47 Words

If you are a hockey fan who gets depressed by the ever waning attention paid to the sport of hockey by print media, then you might not want to read any further.

47 words. That's exactly how many words the New York Times devoted to the New York Islander vs. Ottawa Senator game that took place earlier this week. Compare that with a wopping 64 words devoted to Tuesday evening's Devil game and around 100 donated to the epic Ranger game summary. (I had to read that one over a couple sittings). Written in Wednesday's paper, this is just another example of print media's part in seeing the NHL fall further down the ladder of relevance.

About now you're probably saying to yourself "well what do you expect, its a few days before a Giant Superbowl, and the Johan Santana news was breaking?" And you would be correct.

Well, sort of.

Let's look at some other stories that appeared in the same sports section that received more coverage. (Note, while some of the following were full fledged articles, others were small briefings. Nonetheless, all received more words in their stories than the Islander piece).

So here we go: Articles/ briefings that received greater coverage than the Isle game in the 1/30 sports section of the Times:

Announcement that the baseball Hall of Fame game will be dropped after this year

Olympian Jeremy Wariner splits with his coach

Tom Brady referred to as "stud", and proposed to by random woman

Piece about Georgetown point guard Jonathan Wallace

Women's College Ball- W. Virginia over Rutgers

Patriots back-up QB, Matt Cassel

Nigeria tops Benin (soccer)

It may be of interest to anyone reading this post to hear that on all occasions when I have had the fortune of receiving a blog pass for Islander home games, I never saw a writer with a pass from The NY Daily News, The New York Post, or the Times. Now I'm not saying they have never been there, I'm just saying I have never seen one.

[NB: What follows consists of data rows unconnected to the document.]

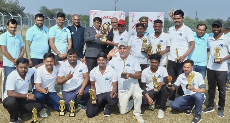 बोकारो, बोकारो स्टील प्लांट (बीएसएल) में कार्यरत बोकारो इस्पात डिप्लोमा यूनियन (बीडू) की ओर से से सेक्टर चार क्रिकेट स्टेडियम में आयोजित स्टील चैंपियंस ट्रॉफी टेनिस बॉल क्रिकेट टूर्नामेंट सोमवार को संपन्न हुआ. फाइनल मैच एसएमएस न्यू व हॉट स्ट्रिप मिल के बीच खेला गया. इसमें एसएमएस न्यू की टीम विजेता बनी. एसएमएस न्यू ने टॉस जीतकर पहले क्षेत्ररक्षण का फैसला लिया. हॉट स्ट्रिप मिल के ओपनर बैट्समैन बजरंग ने 23 गेंदों का सामना करते हुए सर्वाधिक 31 रन बनाये. नीलेश ने 16 गेंदों में 26 रन बनाये. एचएसएम की टीम ने 20 ओवर में कुल 108 रन बनाये. जवाब में एसएमएस न्यू टीम की तरफ से बल्लेबाजी करते हुए नितेश तिवारी ने 17 गेंदों में 20 व राकेश नायक ने छह गेंदों में शानदार 17 रन बनाये. एचएसएम के अजीत ने सर्वाधिक पांच विकेट लिये. बहुत ही रोमांचक स्थिति में मैच आखिरी ओवर में ड्राॅ हुआ. इसके बाद एक-एक ओवर का सुपर ओवर खेला गया. इसमें एसएमएस न्यू की टीम ने जीत दर्ज कर विजेता बनने का गौरव पाया. मुख्य अतिथि बोकारो स्टील प्लांट के अधिशासी निदेशक प्रभारी राजन प्रसाद (मानव संसाधन), अधिशासी निदेशक (संकार्य) सी महापात्रा, विशिष्ट अतिथि डॉक्टर बीबी करुणामय (मुख्य चिकित्सा अधिकारी, बीजीएच), कुंदन कुमार (मुख्य महाप्रबंधक,नगर सेवा भवन), विनय कुमार सिंह (मुख्य महाप्रबंधक, हॉट स्ट्रिप मिल) वीएम बक्शी (महाप्रबंधक, मानव संसाधन) उपस्थित थे. अतिथियों ने विजेता व उपविजेता टीमों को पुरस्कार देकर खिलाड़ियों का मनोबल बढ़ाया. बीडू के महामंत्री संदीप कुमार ने कहा कि टूर्नामेंट में बीएसएल के विभिन्न विभागों से 24 टीम शामिल हुईं. हर दिन चार मैच का आयोजन किया गया. कुल 51 मैच खेले गये. आयोजन कमेटी में नितेश कुमार, निखिल कुमार, प्रेमनाथ, चंदन सिंह, नरेंद्र, चंदन द्विवेदी, विश्वजीत मोहंती, चंदन कुमार, लक्ष्मण, रत्नेश मिश्रा, चंद्रभान झा, रविशंकर आदि डिप्लोमा इंजीनियर्स शामिल थे. बीएसएल कर्मियों के साथ-साथ बोकारोवासियों ने मैच का आनंद उठाया.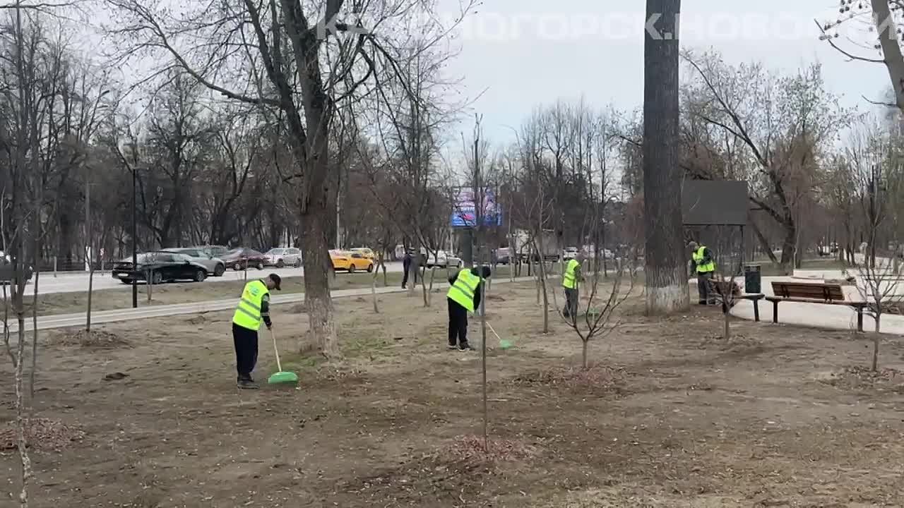 Подметальноуборочные вакуумные машины тщательно очищают дорожки в парках. Одновременно рабочие прогребают газон и моют остановки.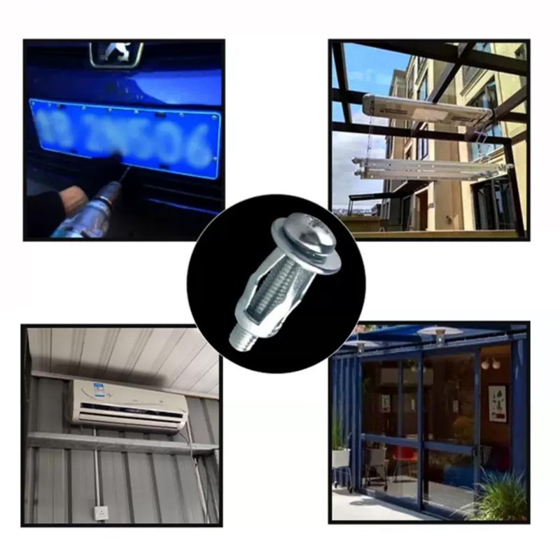 - Easy to Install:Drill a hole that the same diameter as the endof the metal fixing,Slide the fixing into the hole, adjust the screwin the fixing,Attach the setting tool, squeeze the settingtool to compress the back of the fixing, removethe screw.Thread the screw through your item to be fixedto the door the tighten up with a serewdriver.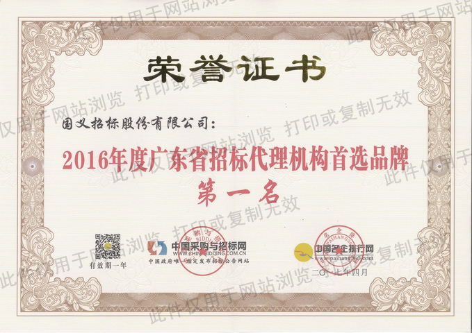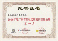 2016年度廣東省招標(biāo)代理機(jī)構(gòu)首選品牌第一名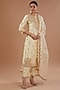 Featuring an ivory kurta in pure spun silk base with marori and gota work. It is paired with matching pants and a dupatta. Perfect wear for an engagement or a wedding ceremony.
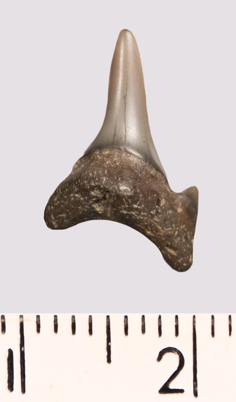 Зуб. Акула. Odontaspis macrorhiza (Cope) Leriche, 1902. Классификация: Хордовые Chordata, Позвоночные Vertebrata, Хрящевые рыбы Chondrichthyes, Пластиножаберные Elasmobranchii

Reason for continued concern? Yes. Reason to get mired in depression? No.

The NHL can boast of having the most passionate base, if not the largest. We follow our teams religiously, despise our rivals, read blogs, write blogs, get into hockey message boards and buy too many Islander jerseys. And you know what, its a good thing we do. Its the only way our sport survives.

If you don't beleive me, I've got 47 words for you.

3 comments:

7th Woman said...

Awesome Jim! But that's also why I never read sports sections in any other venues... too damn depressing!!

New York Islander Fan Central said...

7th woman,

Unfortuately that coverage also keeps folks interested in the team which drives attendance which increases revenue which helps pay the bill for players and free agents.

Depressing but important.

Jim,

The Times does not have an Islander beatwriter since Ron Dicker before the lockout. T

I have been pointing out the terrible city coverage all season
on my blog.

It comes down to the sports editors but what's really unfair is they will not allow the beatwriters from the Post and News a blog to expand the coverage to make up for the lack of space in the print media.

That to me is completely unacceptable.

Jim McGlynn said...

Thanks alot for the thoughtful comment. I agree, the lack of coverage has a direct impact on attendance, and general interest in the team. A different mentality by the sports editors you mention could help put hockey, and all the stories therin, back in the mindset of the average NY sports fan. Can't argue with your final thoughts about beat-writer blogs. I will check out your blog as well. Jim.